→ Recorded data
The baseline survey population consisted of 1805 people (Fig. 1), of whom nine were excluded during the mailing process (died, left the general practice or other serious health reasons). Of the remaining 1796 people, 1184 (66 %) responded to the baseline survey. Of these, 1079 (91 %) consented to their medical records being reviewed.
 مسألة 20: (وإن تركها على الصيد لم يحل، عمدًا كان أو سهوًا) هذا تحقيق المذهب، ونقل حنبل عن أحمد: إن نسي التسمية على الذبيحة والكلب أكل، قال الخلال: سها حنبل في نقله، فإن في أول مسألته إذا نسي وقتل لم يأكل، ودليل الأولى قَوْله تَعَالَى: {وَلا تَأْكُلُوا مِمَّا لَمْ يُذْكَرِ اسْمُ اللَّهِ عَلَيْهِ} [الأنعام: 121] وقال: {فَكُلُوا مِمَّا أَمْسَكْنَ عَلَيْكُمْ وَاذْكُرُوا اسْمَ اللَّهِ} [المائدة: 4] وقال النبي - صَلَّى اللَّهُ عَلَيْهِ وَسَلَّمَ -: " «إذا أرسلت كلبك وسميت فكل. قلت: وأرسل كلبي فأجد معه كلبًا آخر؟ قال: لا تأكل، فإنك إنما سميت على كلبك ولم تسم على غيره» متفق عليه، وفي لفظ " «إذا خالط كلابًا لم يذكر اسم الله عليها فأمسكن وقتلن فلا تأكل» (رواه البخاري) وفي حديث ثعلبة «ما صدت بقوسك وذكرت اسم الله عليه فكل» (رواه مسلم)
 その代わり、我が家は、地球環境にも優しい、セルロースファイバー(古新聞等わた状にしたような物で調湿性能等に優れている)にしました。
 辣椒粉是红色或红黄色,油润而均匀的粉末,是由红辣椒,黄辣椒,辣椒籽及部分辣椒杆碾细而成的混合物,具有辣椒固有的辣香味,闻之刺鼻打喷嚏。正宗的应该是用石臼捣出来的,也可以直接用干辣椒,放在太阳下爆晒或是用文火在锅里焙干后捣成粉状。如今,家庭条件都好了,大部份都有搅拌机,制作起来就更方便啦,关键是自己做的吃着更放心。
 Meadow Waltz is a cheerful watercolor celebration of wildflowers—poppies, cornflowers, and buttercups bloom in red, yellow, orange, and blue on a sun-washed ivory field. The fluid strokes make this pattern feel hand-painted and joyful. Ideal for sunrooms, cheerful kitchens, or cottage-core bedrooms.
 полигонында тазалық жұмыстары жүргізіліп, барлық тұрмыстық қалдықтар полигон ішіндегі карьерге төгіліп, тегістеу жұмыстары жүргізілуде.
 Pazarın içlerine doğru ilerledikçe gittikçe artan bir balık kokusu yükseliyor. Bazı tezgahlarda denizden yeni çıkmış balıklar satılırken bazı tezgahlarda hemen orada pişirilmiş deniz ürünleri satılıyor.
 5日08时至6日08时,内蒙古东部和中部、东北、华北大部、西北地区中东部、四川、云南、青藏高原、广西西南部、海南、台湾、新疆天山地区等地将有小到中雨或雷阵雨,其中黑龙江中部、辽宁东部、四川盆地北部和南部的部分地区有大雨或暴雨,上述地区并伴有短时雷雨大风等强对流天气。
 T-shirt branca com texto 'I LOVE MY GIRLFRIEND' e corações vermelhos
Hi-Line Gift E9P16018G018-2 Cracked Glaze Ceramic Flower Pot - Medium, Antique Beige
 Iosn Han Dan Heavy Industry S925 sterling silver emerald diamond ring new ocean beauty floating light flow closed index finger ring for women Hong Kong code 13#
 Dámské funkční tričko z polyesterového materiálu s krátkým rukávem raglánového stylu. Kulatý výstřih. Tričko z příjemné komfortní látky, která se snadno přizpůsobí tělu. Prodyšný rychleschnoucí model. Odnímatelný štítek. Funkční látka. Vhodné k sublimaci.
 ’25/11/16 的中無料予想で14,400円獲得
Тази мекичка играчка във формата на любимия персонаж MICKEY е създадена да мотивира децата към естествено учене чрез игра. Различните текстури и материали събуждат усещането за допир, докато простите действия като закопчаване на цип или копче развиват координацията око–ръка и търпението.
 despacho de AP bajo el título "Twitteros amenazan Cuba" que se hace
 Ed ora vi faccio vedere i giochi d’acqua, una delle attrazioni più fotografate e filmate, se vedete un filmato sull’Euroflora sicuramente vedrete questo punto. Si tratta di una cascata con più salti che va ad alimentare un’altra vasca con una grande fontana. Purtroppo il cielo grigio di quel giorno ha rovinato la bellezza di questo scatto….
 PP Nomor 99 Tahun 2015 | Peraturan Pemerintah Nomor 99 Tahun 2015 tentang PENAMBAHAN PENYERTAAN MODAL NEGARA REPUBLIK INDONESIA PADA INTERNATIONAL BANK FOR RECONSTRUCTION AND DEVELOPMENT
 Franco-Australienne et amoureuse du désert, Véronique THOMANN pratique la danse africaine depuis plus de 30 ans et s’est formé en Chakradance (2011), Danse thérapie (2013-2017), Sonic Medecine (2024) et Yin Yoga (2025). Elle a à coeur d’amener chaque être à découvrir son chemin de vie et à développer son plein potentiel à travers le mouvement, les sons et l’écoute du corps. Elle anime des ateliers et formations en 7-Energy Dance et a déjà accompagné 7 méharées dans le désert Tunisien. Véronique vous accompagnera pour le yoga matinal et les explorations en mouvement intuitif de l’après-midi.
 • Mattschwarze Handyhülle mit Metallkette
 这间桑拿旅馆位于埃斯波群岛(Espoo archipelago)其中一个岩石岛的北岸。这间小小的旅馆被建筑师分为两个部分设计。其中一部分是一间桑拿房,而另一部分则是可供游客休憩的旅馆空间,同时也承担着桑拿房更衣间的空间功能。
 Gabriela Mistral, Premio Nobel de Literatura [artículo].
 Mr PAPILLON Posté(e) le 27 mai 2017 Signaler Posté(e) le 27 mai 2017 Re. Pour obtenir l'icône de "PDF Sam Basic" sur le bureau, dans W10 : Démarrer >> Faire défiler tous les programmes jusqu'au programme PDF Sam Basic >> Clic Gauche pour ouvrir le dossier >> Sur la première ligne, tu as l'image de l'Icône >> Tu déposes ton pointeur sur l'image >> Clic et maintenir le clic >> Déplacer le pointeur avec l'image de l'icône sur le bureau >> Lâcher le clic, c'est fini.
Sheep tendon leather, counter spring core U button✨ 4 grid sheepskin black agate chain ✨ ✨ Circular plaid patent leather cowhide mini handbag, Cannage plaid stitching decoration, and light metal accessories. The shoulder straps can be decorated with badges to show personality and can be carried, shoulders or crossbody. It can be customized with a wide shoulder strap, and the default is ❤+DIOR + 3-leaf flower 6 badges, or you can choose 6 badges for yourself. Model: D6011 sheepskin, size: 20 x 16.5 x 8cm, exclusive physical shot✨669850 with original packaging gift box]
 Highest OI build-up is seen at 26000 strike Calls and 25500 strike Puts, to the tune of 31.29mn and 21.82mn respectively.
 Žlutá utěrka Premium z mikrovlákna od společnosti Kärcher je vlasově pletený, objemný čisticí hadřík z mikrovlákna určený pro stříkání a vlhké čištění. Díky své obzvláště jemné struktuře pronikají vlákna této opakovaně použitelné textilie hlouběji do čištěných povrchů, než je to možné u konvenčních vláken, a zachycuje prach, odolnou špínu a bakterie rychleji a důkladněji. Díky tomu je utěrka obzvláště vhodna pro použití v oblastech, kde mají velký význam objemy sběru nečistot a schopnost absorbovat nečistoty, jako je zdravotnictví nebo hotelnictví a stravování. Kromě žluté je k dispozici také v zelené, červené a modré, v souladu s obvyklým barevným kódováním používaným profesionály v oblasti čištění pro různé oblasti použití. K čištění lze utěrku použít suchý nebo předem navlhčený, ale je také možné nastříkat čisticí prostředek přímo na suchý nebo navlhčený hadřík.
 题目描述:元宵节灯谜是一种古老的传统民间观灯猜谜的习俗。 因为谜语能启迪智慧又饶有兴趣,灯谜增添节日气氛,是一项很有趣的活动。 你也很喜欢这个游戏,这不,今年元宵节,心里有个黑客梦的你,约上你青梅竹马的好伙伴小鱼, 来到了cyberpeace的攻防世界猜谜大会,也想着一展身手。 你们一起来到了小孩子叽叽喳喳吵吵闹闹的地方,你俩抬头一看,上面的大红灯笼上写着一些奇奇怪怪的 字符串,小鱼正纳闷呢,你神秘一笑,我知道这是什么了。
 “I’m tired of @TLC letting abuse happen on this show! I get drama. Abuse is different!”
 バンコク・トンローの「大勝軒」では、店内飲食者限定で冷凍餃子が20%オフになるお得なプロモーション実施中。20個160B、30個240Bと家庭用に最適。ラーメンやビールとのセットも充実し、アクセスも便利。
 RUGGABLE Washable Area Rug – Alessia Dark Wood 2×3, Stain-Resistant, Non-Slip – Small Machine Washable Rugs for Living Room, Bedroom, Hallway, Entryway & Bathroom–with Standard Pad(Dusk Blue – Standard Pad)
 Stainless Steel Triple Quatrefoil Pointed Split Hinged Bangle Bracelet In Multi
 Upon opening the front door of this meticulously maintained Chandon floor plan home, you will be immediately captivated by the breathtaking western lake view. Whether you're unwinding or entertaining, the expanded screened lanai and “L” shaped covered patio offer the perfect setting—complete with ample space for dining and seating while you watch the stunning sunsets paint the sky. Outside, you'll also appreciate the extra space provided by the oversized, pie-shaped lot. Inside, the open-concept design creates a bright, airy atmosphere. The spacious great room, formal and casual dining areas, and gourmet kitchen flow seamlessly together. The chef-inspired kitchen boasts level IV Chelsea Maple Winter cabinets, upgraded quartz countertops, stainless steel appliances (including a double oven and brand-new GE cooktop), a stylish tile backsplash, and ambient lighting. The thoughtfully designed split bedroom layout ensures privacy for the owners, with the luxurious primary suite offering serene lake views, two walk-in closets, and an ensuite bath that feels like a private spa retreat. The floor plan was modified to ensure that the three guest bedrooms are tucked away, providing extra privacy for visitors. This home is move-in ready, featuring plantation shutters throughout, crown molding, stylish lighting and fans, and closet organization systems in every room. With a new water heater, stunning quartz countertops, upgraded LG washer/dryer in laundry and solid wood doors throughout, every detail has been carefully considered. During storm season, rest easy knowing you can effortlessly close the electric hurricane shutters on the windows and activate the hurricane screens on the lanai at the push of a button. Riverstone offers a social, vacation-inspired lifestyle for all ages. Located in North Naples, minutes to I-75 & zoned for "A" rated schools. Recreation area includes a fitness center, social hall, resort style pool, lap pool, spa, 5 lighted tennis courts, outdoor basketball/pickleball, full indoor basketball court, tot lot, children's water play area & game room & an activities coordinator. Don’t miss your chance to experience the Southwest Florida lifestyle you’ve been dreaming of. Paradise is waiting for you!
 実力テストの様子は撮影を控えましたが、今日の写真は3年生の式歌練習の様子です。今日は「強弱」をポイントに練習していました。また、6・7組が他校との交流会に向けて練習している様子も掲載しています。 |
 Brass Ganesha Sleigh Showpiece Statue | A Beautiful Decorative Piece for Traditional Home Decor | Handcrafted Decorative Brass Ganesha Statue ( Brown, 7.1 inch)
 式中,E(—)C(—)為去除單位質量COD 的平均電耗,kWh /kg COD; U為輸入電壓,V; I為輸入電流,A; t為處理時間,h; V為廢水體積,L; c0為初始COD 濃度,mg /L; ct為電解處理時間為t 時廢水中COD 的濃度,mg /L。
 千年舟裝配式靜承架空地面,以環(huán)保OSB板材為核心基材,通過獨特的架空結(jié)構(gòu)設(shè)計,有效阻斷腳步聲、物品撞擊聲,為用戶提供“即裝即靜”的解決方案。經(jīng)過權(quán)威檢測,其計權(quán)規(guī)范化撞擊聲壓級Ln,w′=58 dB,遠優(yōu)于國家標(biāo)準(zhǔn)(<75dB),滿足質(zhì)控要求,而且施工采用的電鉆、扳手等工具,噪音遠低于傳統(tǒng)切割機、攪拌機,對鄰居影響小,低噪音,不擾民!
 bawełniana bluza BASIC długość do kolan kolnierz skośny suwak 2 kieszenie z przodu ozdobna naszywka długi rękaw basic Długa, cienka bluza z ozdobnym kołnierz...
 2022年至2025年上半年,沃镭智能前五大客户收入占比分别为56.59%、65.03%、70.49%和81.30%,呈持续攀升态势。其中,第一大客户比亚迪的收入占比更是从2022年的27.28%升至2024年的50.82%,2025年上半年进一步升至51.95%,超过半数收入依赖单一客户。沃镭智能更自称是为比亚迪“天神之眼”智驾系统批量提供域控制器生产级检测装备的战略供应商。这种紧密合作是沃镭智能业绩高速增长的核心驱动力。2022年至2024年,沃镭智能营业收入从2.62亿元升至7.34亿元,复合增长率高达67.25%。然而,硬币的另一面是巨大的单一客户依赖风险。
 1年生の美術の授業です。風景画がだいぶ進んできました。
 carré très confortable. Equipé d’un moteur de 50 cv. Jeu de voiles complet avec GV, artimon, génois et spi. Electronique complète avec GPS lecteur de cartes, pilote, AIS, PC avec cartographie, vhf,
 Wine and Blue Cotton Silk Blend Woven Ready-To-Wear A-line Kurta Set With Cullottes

→ Activity
Everything from the line containing "这间桑拿旅馆位于埃斯波群岛(Espoo archipel" through the line containing "Gabriela Mistral, Premio" in the material above should be retyped exactly, both ends included, and nothing more.

→ The completed task
 这间桑拿旅馆位于埃斯波群岛(Espoo archipelago)其中一个岩石岛的北岸。这间小小的旅馆被建筑师分为两个部分设计。其中一部分是一间桑拿房,而另一部分则是可供游客休憩的旅馆空间,同时也承担着桑拿房更衣间的空间功能。
 Gabriela Mistral, Premio Nobel de Literatura [artículo].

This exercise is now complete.